Sunday, February 13, 2011

antilvl 1.1.3

just put up antilvl 1.1.3. a few small but annoying bugs fixed and some improvements with the hooks. pick it up from the usual spot: http://androidcracking.blogspot.com/p/antilvl_01.html

also had to do some major refactoring so people could make use of the source once it's released, and i think i got most of the kinks out.

while working on this, i noticed a few more apps that were using string encryption. maybe it will start to get popular? i wrote a proof of concept decryptor just to see how feasible it would be to convert dex to java .class files and run the apk's own methods to decrypt the strings. it worked but i want to make something more general. here's my idea:

  • start with an apk and disassemble
  • chose to decode literal strings (ex: const-string "some-encoded-string") or assume strings are the result of a function call (ex: invoke-static LStringHolder;->getString(v0)).
  • show all lines that match the above selection and allow for regex filtering. this way, if you pick literal strings and not all strings are encoded, you can filter for just the ones that are
  • decode strings by one of several methods: run the function, in the case of function-call encryption, built-in stuff like base 64, etc. or by using reflection on the classes of the apk. this way if every literal string in the apk is decoded through some function, i could use dex2jar to get the java class, dynamically load that and run each string through it.
the goal is to make the tool generic enough so that it's useful in the most situations. shouldn't be too hard. half of the work will be making my patching and apk libraries more generic and useful, so it wont be a total waste of time.

Monday, February 7, 2011

antilvl's source

several have asked for antilvl's source to use it in ways i could not have imagined. it seems it's true purpose is more of a general semi-automated apk patcher, which is fine. i'm thinking i should rename it and make it more general purpose, while still including the lvl-patching and anticracking-patching information.

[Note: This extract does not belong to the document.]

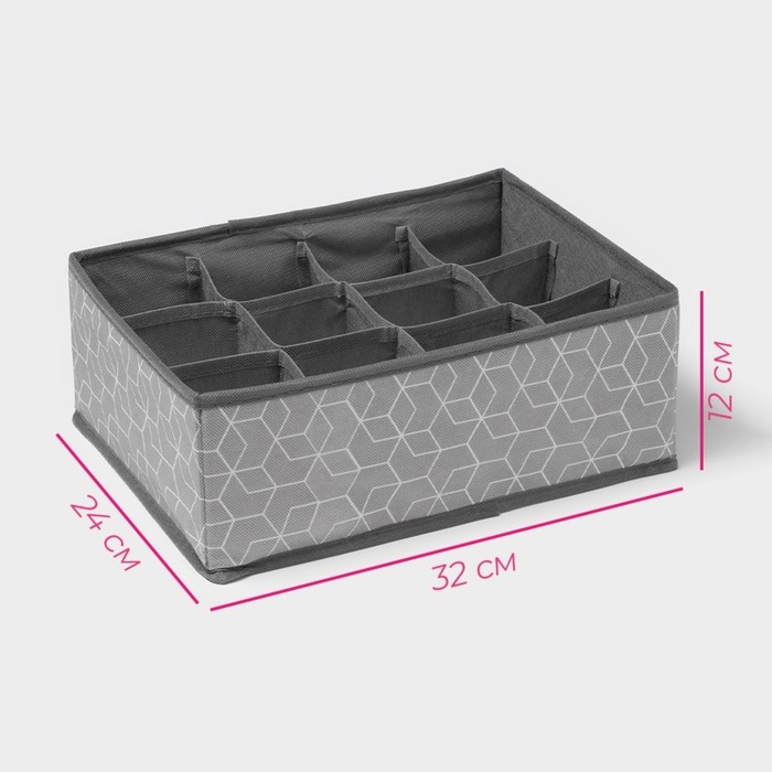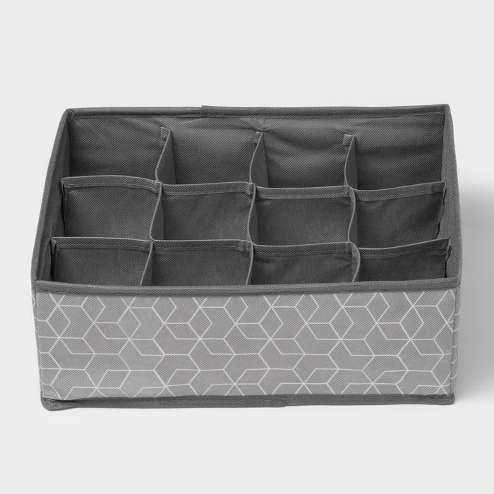 Органайзер для хранения белья Доляна «Фора», 12 ячеек, 32×24×12 см, цвет серый

i'm also getting a lot of fun out of this little shell extension for windows to get explorer to replace an apk's icon with the actual icon for the app inside: http://code.google.com/p/apkshellext/

Sunday, February 6, 2011

Friday, February 4, 2011

updated lesson 1

for lesson 2 i'm using html and javascript to make things more readable. to test the template i rewrote and updated lesson 1 of way of the android cracker to include stuff on threads, stack dumps and using jdb with android apps. it's also in html now and the code looks much prettier. i'll rewrite lesson 0 if i ever get around to it.